The intern had asked "why?" I thought about what I usually tell residents about borderlines. I thought about self-mutilation, dissociation, cutting. I had to ask myself: In all honesty, how could that be a comfort?
Then a thought occurred to me. It was so obvious I felt like an idiot. "Dr. Pong," I said.She stopped looking bored and started to cry in earnest. "He left me," she said.There was that same question: Why? Dr. Pong was married to an anesthesiologist, a lovely woman; they had three kids. He had a good practice, and his patients adored him. What dark place had he sheltered within, invisible to us? How could all of us who lived right beside him, talked to him a half dozen times a day, admitted patients to him - how could we all be so oblivious?
He had been on call that weekend. We had tried to reach him all day Saturday and then again on Sunday. We ended up calling another staff psychiatrist to admit the patients. Monday afternoon, while she was working in surgery, his wife got the news. Eventually it filtered down to us in everyday life's matter-of-fact indifference to tragedy. Dr. Pong, we were told, would not be taking calls this week. We were to call another psychiatrist.
I thought of his children, his patients, this patient. Once upon a time, this girl probably couldn't see an inch beyond her own pain and suffering. Dr. Pong had given her, perhaps, a tenuous connection to other people, to the rest of the world, and with that he brought all the joys of such connections - and all the pain.
I stood up, trying to find comforting words. I thought again of the explanations I always give the residents about cutting and its paradoxical relief of tension. Then the causes: sexual abuse, poor parenting. But can we ever explain anything? Do we really have reasons or just rationales? To be honest with myself, I would have to confess that no matter how much I might try, I could never really pick out the path that leads a patient from childhood to this place. If I were honest, I would have to confess that other than knowing a few buzzwords, I was as clueless as the intern.

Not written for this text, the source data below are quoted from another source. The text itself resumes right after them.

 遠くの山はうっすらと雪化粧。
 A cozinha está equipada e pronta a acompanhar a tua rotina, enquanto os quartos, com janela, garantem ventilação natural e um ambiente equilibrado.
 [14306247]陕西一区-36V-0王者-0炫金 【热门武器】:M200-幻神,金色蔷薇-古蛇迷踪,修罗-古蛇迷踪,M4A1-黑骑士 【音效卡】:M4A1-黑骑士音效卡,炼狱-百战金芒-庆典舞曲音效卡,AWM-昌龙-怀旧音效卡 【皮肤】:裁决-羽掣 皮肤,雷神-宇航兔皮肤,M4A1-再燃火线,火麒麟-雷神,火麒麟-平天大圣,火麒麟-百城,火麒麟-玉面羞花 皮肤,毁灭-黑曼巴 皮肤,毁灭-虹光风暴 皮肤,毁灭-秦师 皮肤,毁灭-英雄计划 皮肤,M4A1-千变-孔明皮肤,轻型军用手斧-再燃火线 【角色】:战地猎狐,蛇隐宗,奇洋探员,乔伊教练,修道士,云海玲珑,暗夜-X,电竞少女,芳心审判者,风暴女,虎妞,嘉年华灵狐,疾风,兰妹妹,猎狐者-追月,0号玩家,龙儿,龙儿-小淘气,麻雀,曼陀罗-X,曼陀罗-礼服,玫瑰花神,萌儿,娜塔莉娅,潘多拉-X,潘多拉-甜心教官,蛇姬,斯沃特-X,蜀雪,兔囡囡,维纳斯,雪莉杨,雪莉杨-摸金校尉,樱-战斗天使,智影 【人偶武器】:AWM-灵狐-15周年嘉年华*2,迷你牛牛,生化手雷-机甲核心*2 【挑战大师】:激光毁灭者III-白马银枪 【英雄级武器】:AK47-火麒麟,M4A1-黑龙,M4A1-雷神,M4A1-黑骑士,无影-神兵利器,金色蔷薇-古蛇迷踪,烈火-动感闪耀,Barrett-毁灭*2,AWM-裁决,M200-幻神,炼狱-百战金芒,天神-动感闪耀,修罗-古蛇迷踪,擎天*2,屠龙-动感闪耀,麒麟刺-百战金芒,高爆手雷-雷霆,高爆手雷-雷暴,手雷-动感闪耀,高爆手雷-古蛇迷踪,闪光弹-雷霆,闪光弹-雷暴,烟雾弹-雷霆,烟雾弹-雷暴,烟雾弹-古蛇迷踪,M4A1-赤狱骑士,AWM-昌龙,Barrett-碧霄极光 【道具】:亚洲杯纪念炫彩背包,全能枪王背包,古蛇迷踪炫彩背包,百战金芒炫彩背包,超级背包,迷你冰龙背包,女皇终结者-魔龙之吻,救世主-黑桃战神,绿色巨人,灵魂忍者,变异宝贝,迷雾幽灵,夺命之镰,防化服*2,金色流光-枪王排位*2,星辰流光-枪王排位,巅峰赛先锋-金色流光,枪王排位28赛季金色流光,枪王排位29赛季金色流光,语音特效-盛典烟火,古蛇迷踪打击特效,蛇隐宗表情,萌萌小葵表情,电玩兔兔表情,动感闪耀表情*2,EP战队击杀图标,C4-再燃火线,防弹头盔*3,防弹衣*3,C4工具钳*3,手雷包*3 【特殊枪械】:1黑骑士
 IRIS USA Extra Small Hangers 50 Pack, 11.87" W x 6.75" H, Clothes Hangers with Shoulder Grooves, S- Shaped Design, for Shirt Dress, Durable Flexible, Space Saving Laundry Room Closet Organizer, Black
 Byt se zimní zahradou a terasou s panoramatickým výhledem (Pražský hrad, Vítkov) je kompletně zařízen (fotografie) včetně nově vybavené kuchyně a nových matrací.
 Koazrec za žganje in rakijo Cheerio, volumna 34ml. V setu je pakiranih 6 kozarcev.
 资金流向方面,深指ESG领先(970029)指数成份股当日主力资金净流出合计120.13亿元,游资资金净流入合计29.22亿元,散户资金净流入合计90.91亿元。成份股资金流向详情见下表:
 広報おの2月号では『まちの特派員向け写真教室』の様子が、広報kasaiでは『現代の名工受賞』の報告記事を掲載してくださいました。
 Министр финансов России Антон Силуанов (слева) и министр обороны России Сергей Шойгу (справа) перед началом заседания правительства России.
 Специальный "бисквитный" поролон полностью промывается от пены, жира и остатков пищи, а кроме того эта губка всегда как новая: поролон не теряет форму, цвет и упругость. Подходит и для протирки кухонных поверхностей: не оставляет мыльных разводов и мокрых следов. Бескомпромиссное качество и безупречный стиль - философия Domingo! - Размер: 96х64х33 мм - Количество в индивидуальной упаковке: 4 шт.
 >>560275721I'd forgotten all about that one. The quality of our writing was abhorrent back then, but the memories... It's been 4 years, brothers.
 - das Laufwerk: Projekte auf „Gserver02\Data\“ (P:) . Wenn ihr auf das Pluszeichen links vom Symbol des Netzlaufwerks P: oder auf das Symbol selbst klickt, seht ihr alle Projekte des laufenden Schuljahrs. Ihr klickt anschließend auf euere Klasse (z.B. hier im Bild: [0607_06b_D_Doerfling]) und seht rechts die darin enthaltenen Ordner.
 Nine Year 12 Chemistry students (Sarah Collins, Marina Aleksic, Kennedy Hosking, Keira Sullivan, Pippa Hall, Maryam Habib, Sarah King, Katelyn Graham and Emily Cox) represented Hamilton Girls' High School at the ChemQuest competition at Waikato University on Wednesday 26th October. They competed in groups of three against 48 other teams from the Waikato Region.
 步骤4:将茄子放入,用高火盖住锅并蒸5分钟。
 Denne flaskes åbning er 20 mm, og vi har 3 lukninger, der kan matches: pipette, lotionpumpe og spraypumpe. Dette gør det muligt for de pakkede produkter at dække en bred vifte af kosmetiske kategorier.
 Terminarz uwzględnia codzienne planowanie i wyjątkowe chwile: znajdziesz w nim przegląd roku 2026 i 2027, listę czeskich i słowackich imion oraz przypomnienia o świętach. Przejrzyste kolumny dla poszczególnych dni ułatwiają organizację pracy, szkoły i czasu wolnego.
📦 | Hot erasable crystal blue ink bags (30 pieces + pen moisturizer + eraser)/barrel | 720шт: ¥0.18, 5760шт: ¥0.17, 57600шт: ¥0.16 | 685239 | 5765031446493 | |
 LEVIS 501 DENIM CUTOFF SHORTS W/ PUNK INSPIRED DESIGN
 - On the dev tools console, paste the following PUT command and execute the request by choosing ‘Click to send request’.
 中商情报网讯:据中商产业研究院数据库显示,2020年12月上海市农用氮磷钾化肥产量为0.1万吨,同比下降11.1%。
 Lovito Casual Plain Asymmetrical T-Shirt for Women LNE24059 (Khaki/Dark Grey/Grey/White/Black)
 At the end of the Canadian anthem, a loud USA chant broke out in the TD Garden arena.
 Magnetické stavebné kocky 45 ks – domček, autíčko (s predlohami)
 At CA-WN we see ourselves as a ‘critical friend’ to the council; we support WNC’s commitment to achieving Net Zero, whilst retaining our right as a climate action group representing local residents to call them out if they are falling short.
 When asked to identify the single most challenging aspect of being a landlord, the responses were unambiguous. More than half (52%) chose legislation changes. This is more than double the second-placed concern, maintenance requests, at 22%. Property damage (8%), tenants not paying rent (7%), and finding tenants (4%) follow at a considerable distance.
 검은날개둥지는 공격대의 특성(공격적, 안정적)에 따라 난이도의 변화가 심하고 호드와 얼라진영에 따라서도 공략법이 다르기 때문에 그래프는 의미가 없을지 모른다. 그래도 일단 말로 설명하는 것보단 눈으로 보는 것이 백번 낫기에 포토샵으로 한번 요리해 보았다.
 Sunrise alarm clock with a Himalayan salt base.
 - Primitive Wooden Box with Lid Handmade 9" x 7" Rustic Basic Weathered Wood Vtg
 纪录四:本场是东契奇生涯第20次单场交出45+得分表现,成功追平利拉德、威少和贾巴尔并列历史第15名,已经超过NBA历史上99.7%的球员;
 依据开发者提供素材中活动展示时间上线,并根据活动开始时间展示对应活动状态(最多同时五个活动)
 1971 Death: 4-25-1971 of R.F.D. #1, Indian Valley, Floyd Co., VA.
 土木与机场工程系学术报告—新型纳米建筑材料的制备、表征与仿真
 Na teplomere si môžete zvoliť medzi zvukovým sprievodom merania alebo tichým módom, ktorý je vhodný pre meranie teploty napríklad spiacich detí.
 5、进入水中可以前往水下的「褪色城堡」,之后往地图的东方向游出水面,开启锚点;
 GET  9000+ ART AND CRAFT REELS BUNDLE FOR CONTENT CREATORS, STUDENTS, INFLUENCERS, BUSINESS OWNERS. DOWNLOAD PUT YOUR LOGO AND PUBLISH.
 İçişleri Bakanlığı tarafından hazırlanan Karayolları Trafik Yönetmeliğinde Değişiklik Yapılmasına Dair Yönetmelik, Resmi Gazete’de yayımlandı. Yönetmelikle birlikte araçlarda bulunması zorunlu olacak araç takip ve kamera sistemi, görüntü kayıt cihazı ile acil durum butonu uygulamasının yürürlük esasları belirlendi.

He was standing to the side, shaking his head at his own stupidity. I knew that feeling. I had been there many times myself.
I left the patient to the intern. He gathered himself up and stepped closer to her bedside. He was the kind of person who felt terrible when he made mistakes that might hurt a patient. It was a feeling that would make him a first-class physician someday.
The two of us crossed paths on the way to the door. "By the way," I whispered to him. "Great job on the sutures."